Deccan Chronicle:Wednesday, February 08, 2012.
This is yet another example of how people’s representatives misuse their office to protect the interests of private entities at the cost of public interest. Documents accessed through the Right to Information (RTI) show that it was none other than Member of the Legislative Council and vice president of the NRI Forum Karnataka, Capt Ganesh Karnik, who was general manager of NITTE Education Trust till 2006, who had stopped the State government from claiming the mandatory 25 per cent of medical seats in the Mangalore-based NITTE and Yenepoya universities for the academic year 2010-11. Due to the lobbying of Capt Karnik, CET (common entrance test) students from the State have lost 150 MBBS seats and around 30 post-graduate medical seats in these medical colleges in the last three years.
According to the MoU entered into with the State government, the two deemed universities are supposed to surrender 25 per cent of their total intake to the government CET every year. But in 2009, CET students allotted seats in these universities were forced to knock on the doors of the High Court to get admission. The universities denied them admission saying the government has no control over them. So, since the academic year 2010-11, the government is not claiming its share of seats. According to the documents assessed through RTI, both the universities were excluded from the CET seat matrix.

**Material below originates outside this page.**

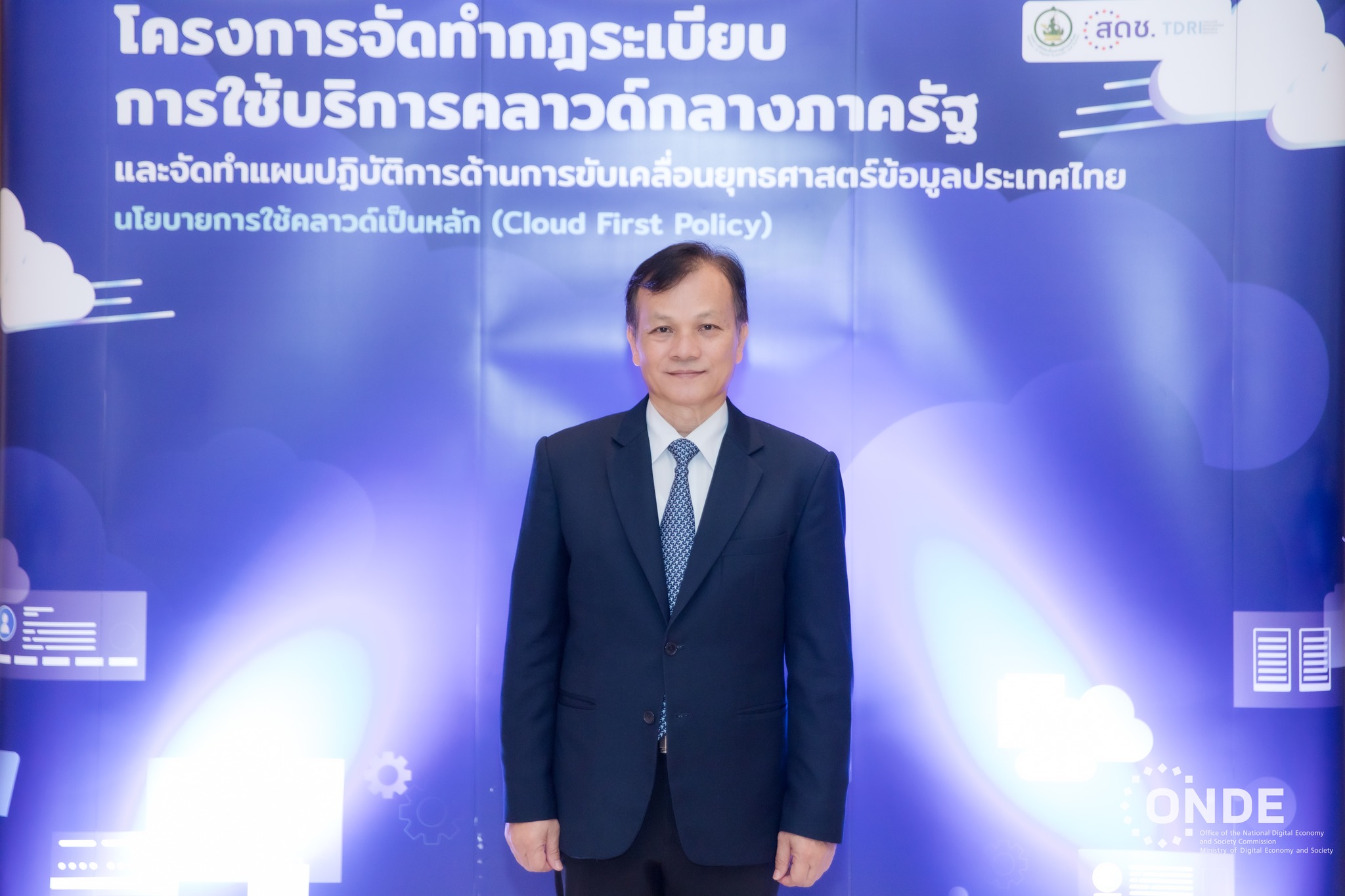 นายภุชพงค์ โนดไธสง เลขาธิการคณะกรรมการดิจิทัลเพื่อเศรษฐกิจและสังคมแห่งชาติ กล่าวว่า สำนักงานคณะกรรมการดิจิทัลเพื่อเศรษฐกิจและสังคมแห่งชาติ กระทรวงดิจิทัลเพื่อเศรษฐกิจและสังคม ได้ดำเนินการศึกษาและจัดทำกฎระเบียบการใช้บริการระบบคลาวด์กลางภาครัฐ และแผนปฏิบัติการ ด้านการขับเคลื่อนยุทธศาสตร์ข้อมูลของประเทศไทย โดยได้ดำเนินการพัฒนา ติดตั้ง บริหาร และดูแลระบบ คลาวด์กลางภาครัฐ ภายใต้โครงการพัฒนาระบบคลาวด์กลางภาครัฐ (Government Data Center and Cloud service : GDCC) เพื่อให้หน่วยงานภาครัฐเกิดการพัฒนาการทำงานให้มีลักษณะเป็นแพลตฟอร์มที่สามารถเชื่อมโยงกันได้ และพร้อมให้บริการแก่ทุกภาคส่วน โดยเป็นโครงสร้างพื้นฐานด้านดิจิทัลที่มีมาตรฐาน ปลอดภัยและการให้บริการประชาชน โดยสามารถเปลี่ยนเป็นรัฐบาลดิจิทัลได้อย่างรวดเร็วเป็นไปตามเป้าหมายของการพัฒนาประเทศ โดยมีวัตถุประสงค์เพื่อศึกษา รวมรวม และวิเคราะห์นโยบาย แผนงานระเบียบ มาตรการและมาตรฐานที่เกี่ยวข้องกับการให้และการใช้บริการคลาวด์ทั้งในประเทศไทยและต่างประเทศ เพื่อจัดทำ (ร่าง) ข้อเสนอแนะเชิงนโยบาย กฎระเบียบ มาตรการ มาตรฐานที่เกี่ยวข้องกับการให้และการใช้บริการระบบคลาวด์ที่เหมาะสมสำหรับหน่วยงานภาครัฐ ซึ่งได้รับการพัฒนาต่อยอดภายหลัง จากการรับฟังความคิดเห็นและการประชาพิจารณ์จากทุกภาคส่วน ซึ่งจะครอบคลุมถึงการพัฒนา ปรับปรุงแนวทางการจัดซื้อจัดจ้างระบบคลาวด์และการให้บริการคลาวด์ของประเทศไทย เพื่อให้เหมาะสมสำหรับหน่วยงานภาครัฐ และสามารถดำเนินการได้อย่างมีประสิทธิผลและสอดคล้องกับบริบทของประเทศไทย นำไปสู่การพัฒนาและปรับปรุงแนวทางการจัดซื้อจัดจ้างระบบคลาวด์ รวมถึงการให้บริการคลาวด์ของประเทศไทย เพื่อให้เหมาะสมสำหรับหน่วยงานภาครัฐ และสามารถดำเนินการได้อย่างมีประสิทธิผล อันเป็นองค์ประกอบสำคัญในการดำเนินงานขับเคลื่อนตามนโยบายการใช้คลาวด์เป็นหลัก หรือ Cloud First Policy ต่อไป

According to the documents, just before finalising the medical seat matrix for the year 2010-11, Capt Karnik wrote two letters to the then medical education minister Ramachandra Gowda urging him to adopt the same yardstick for NITTE University as it followed in the case of other deemed universities of the State, and thus indirectly opposed its claiming seats from the university.
In the absence of MoUs with other deemed universities, the State does not claim any seats in these institutions. It can claim seats from NITTE and Yenepoya because of the MoU, but under pressure from Capt Karnik, the government excluded both varsities from CET seat matrix.
According to the documents, then medical education secretary Mr Umesh had strongly recommended that the State enact separate legislation to ensure minimum seats for poor, meritorious students even in the deemed universities. But the government buckled under the pressure. Speaking to this newspaper, an officer of the medical education department said that if Capt Karnik was really concerned about poor students, he would have pressed the government to claim seats from all deemed universities. Instead, he forced the government to exclude these two universities from the ambit of the seat matrix.